NY Central RR Co. v. PA. PUCAnnotate this Case
193 Pa. Superior Ct. 636 (1960)
New York Central Railroad Company, Appellant, v. Pennsylvania Public Utility Commission.
Superior Court of Pennsylvania.
Argued September 14, 1960.
November 16, 1960.
Before GUNTHER, WRIGHT, WOODSIDE, ERVIN, WATKINS, and MONTGOMERY, JJ. (RHODES, P.J., absent).
*637 Paul Silberblatt, with him Bell, Silberblatt & Swoope, for appellant.
Anthony L. Marino, Assistant Counsel, with him S. Maxwell Flitter, Assistant Counsel, and Joseph I. Lewis, Chief Counsel, for Pennsylvania Public Utility Commission, appellee.
OPINION BY WATKINS, J., November 16, 1960:
This appeal involves the application of The New York Central Railroad Company for approval by the Pennsylvania Public Utility Commission of a change in the status of its station at Karthaus, Karthaus Township, Clearfield County, Pennsylvania, from that of an agency freight station to that of a nonagency carload only freight station. The original application was filed by the railroad company in August of 1959 and was denied on May 16, 1960. A petition for rehearing and modification was filed on June 1, 1960 and denied by the commission's order dated June 27, 1960.
At the hearing on the original petition which was held on December 2, 1959, the only protestant to appear and give testimony was a representative of the Curtiss-Wright Corporation on behalf of its Curon Division at Quehanna, Pennsylvania. The order of the commission refusing the petition is largely based on this testimony, and the conclusion of the commission of the necessity of rail service and in particular less *638 than carload (L.C.L.) services for the newly established company.
However, the petition for rehearing, sets forth as its reason the necessity for the petitioner, in view of the commission's order, to present additional testimony concerning car and L.C.L. shipments by Curtiss-Wright Corporation.
This Court has held that it will not disturb the conclusions of the commissions unless they are capricious, arbitrary or so unreasonable as to amount to an error of law, and that it is not the function of the Court to sit as a super administrative board of review. Bridgewater Boro. v. Pa. P.U.C., 181 Pa. Superior Ct. 84, 99, 124 A.2d 165 (1956).
The factors to be considered in eliminating an agency are accessibility to other stations; the ratio of cost of maintaining the station to revenue received and the necessity for and inconvenience to the public as a whole. Pa. Railroad Co. v. Pa. P.U.C., 184 Pa. Superior Ct. 228, 132 A.2d 887 (1957); Reading Company v. Pa. P.U.C., 191 Pa. Superior Ct. 635, 159 A.2d 61 (1960). The decision of the commission in this case seems to have been determined by the weight it gave, and properly so, to the testimony of the protestant, the Curtiss-Wright Corporation. It dealt almost solely with L.C.L. shipments at this location. As the order stated, "The witness further testified that the corporation has been established at this location less than four years and anticipates tripling its 1959 shipping requirements during 1960 and that much of this increased business will be L.C.L. movements."

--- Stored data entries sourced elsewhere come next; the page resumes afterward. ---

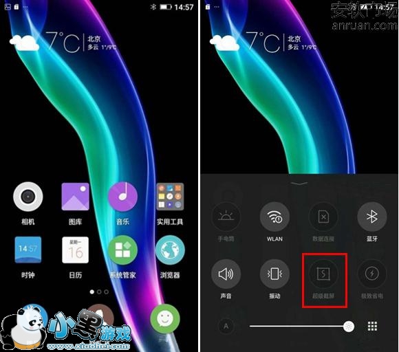 另外金立S6运行的是Amigo 3.1用户界面,该系统有点不点不同在于需要向上滑动屏幕调出快捷开关界面,在其界面即可看到【超级截屏】快捷开关,点击一下即可截屏,这种方法也是非常简单方便的,如下图所示: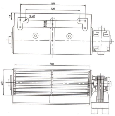 Wentylator promieniowy poprzeczny o długości turbiny 180mm LEWY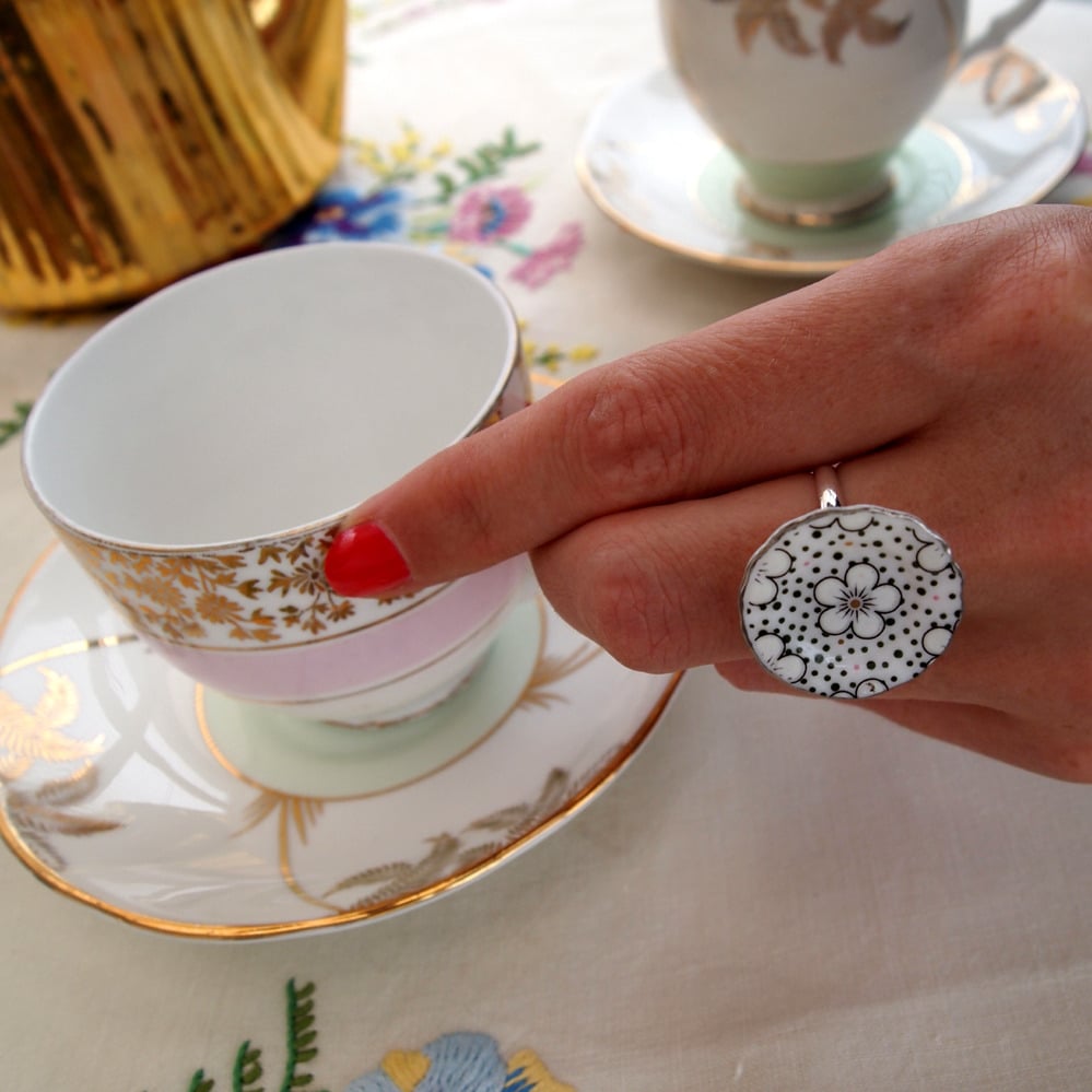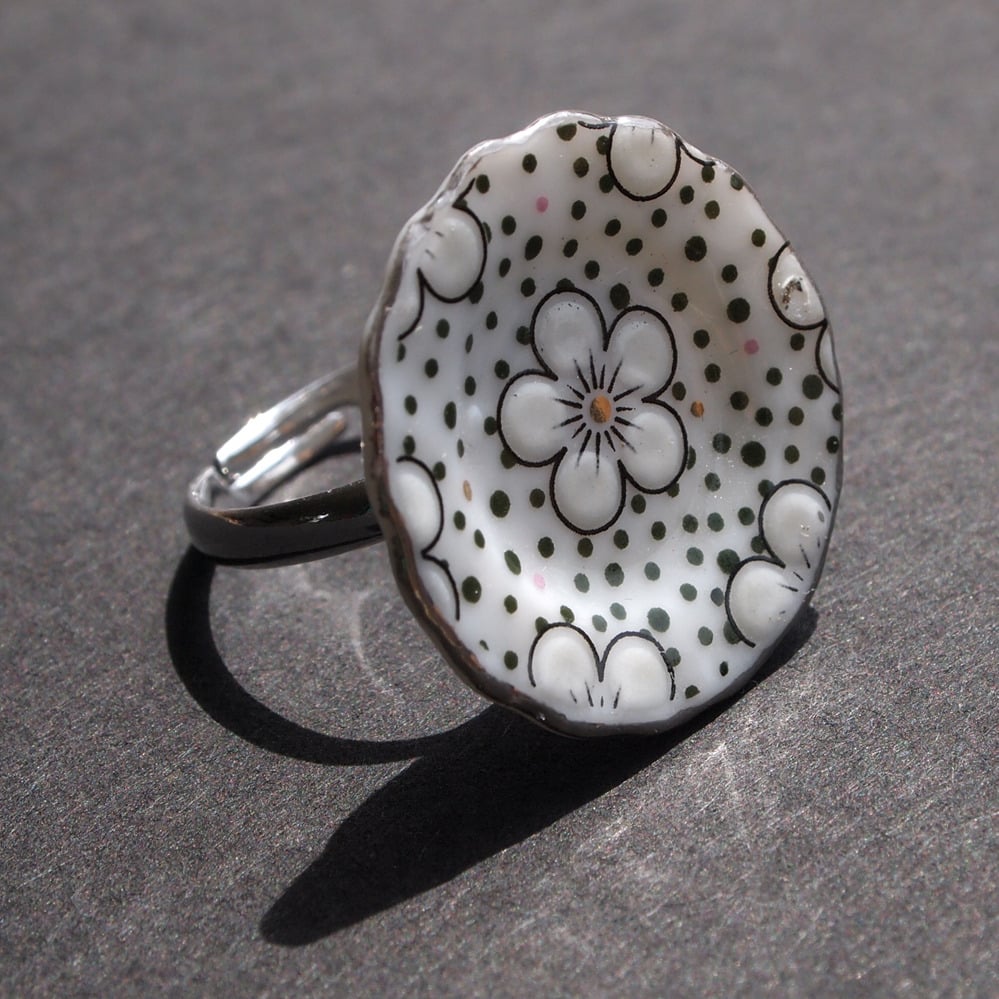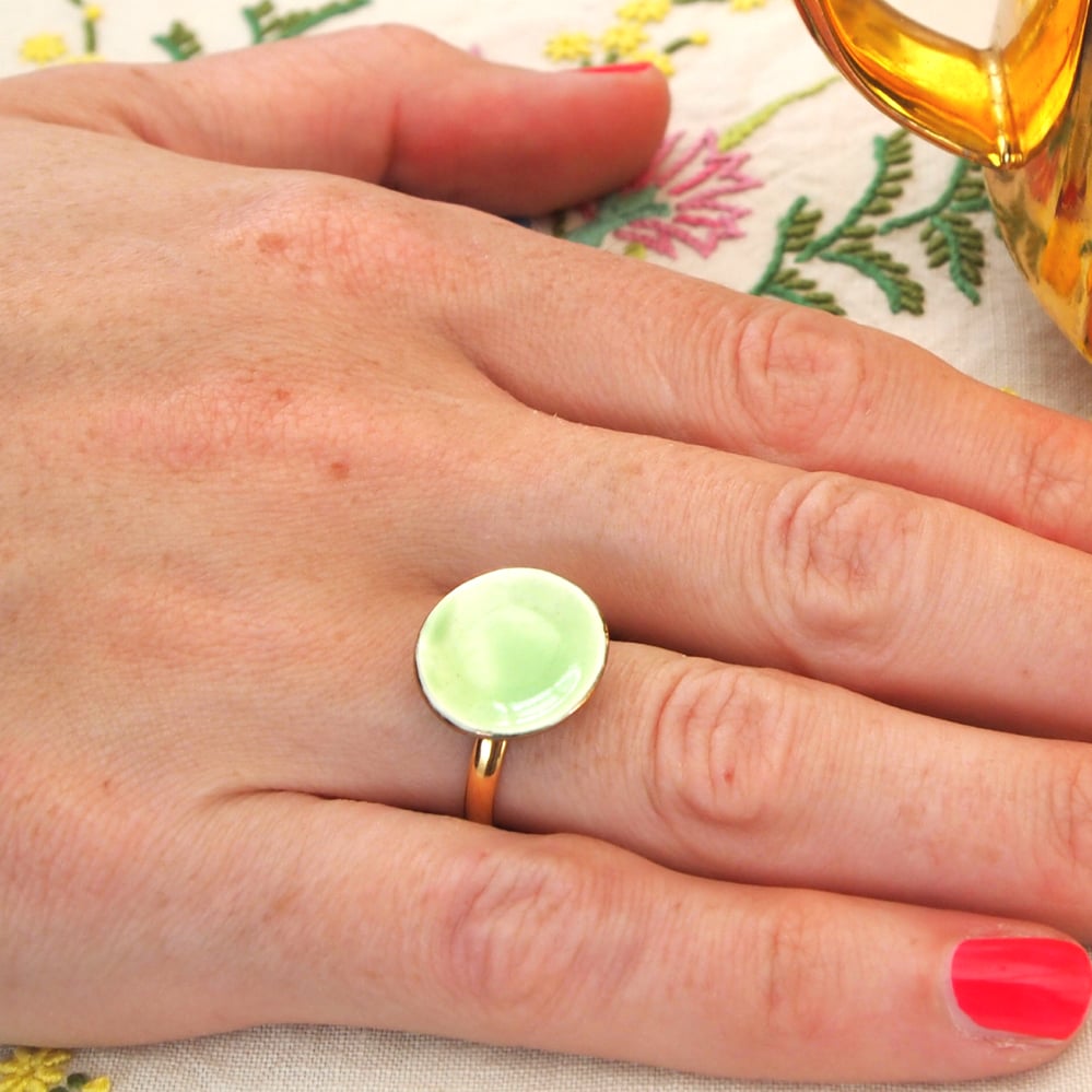 green and gold plate ring or large spotty silver plate ring.

We all recall the publicity fanfare that met the announcement of the establishment of this project in Pennsylvania and the commission was most certainly justified in making sure that every consideration was given this protestant's desire for adequate railroad *639 transportation service. But we must also consider the plight of modern railroads which is so well set forth in Reading Co. v. Pa. P.U.C., supra, at page 636, where this Court quoted with approval Atlantic Coast Line R. Co. v. Public Service Commission, 77 F. Supp. 675, 685, 686.
The dismissal of the original order was based on testimony taken on December 2, 1959. However, the petition for rehearing was denied on June 29, 1960 and this petition was based on a request to present further testimony concerning the railroad business from the Curtiss-Wright project. Most certainly when the refusal of the original petition was based on the weight given to the testimony that Curtiss-Wright "anticipated tripling its 1959 shipping requirements during 1960" and that most of this increased business will be L.C.L. movements, the testimony that the applicant wanted to present at the rehearing could very well have affected the factors that the commission must have considered in determining the matter. This is especially true as we gather from the oral argument and from the public press that the great hopes that were originally engendered by the Curtiss-Wright project have been dashed and the "anticipated tripling" of its 1960 shipping requirements has not materialized.
We believe, therefore, that the commission erred in not granting the petition for a rehearing, when more complete information would have been available as to the 1960 and future railroad requirements of Curtiss-Wright, upon whose testimony the commission placed so much weight in exercising administrative power in refusing the original petition for the change in status.
We remand the record to the commission and direct it to take such additional testimony as the petitioner may desire to set forth in support of its position.